Year-over-year rent changes across U.S. metro areas, showing where prices are heating up and where they're cooling off (hence the red and blue)

Rent is down across much of the Sun Belt region, with Austin having the sharpest drop among large metros. Virginia Beach saw the fastest rent growth, with San Francisco coming in second.

Source + interactive map: https://www.apartmentlist.com/research/national-rent-data

\reposted to fix wording and add context*

Posted by Apartment_List

7 Comments

  1. sirchandwich on

    Would be interesting to see how this compares against “migration” or at least population of adults.

  2. I think it would be better as highest and lowest, because otherwise going down 5% is technically just as fast as going up 5%.

  3. I lived in Grand Rapids years ago.
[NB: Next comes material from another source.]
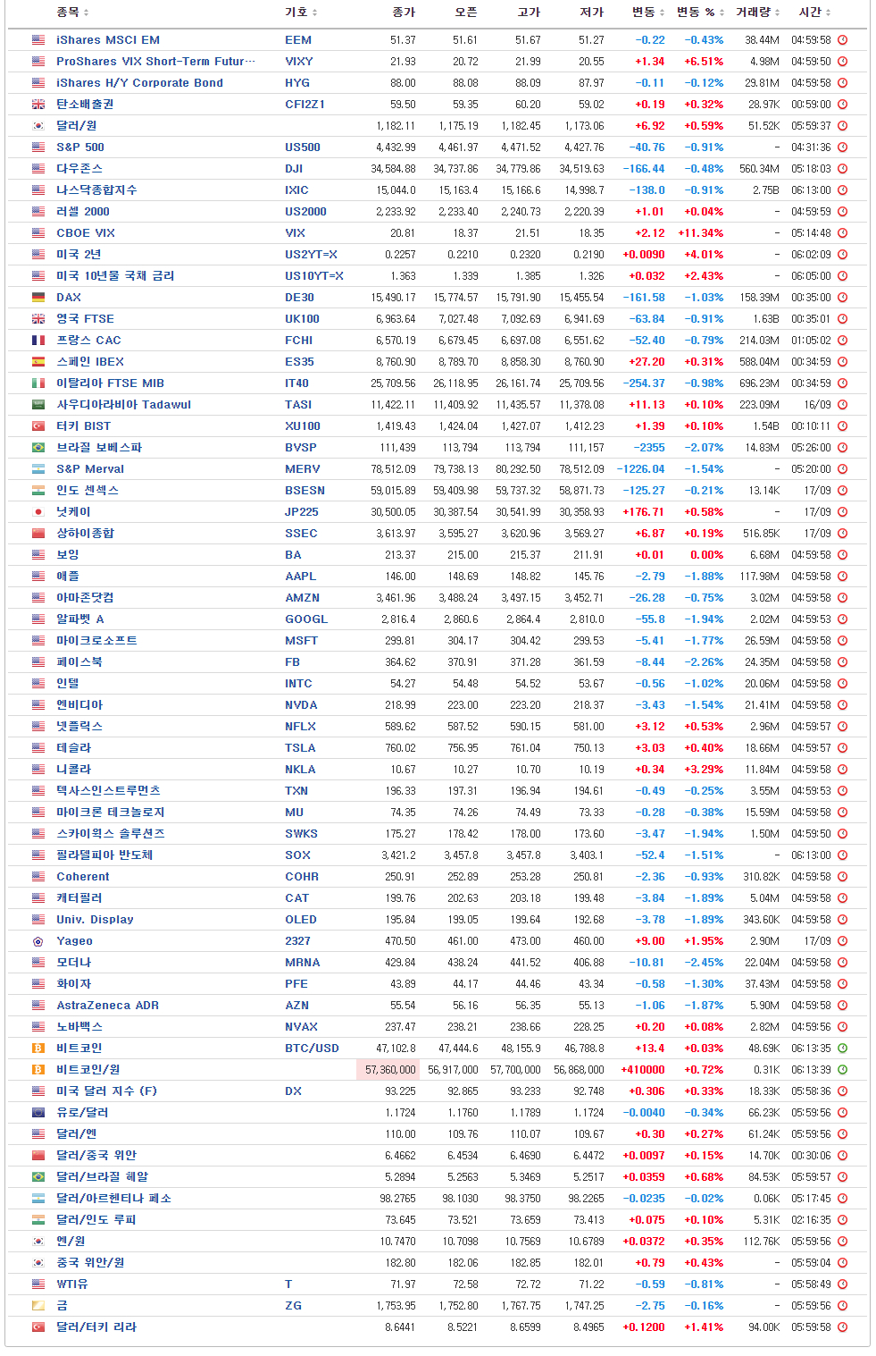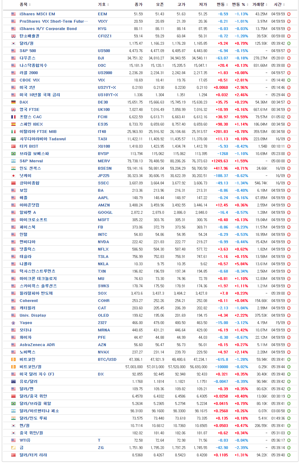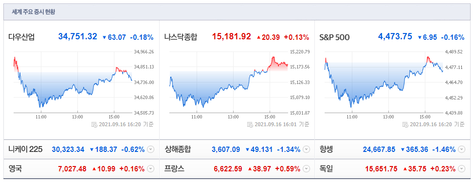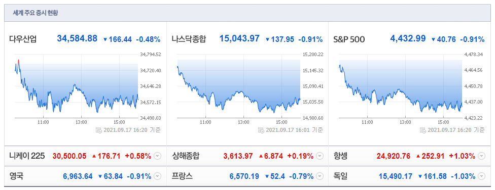 [글로벌시장 지표 / 9월 17일 오전 6시 현재]

I can’t imagine what the rental market looks like there right now because it was pretty bad when I was there.

  4. Just off the top of my head, Toledo, Ohio is included in this map and the MSA has far fewer than 1M residents. Cleveland and Buffalo are not included and they clearly meet the population criteria.

  5. Probably increases correspond exactly to their property tax increases. Thank your “elected officials” for their tax and spend and tax and spend with no input from their constituents.

  6. Lol and people were jumping into real estate deals in Texas banking on 20% rent growth. It was so obviously going to pop given all of the new supply. Likely still has further to fall.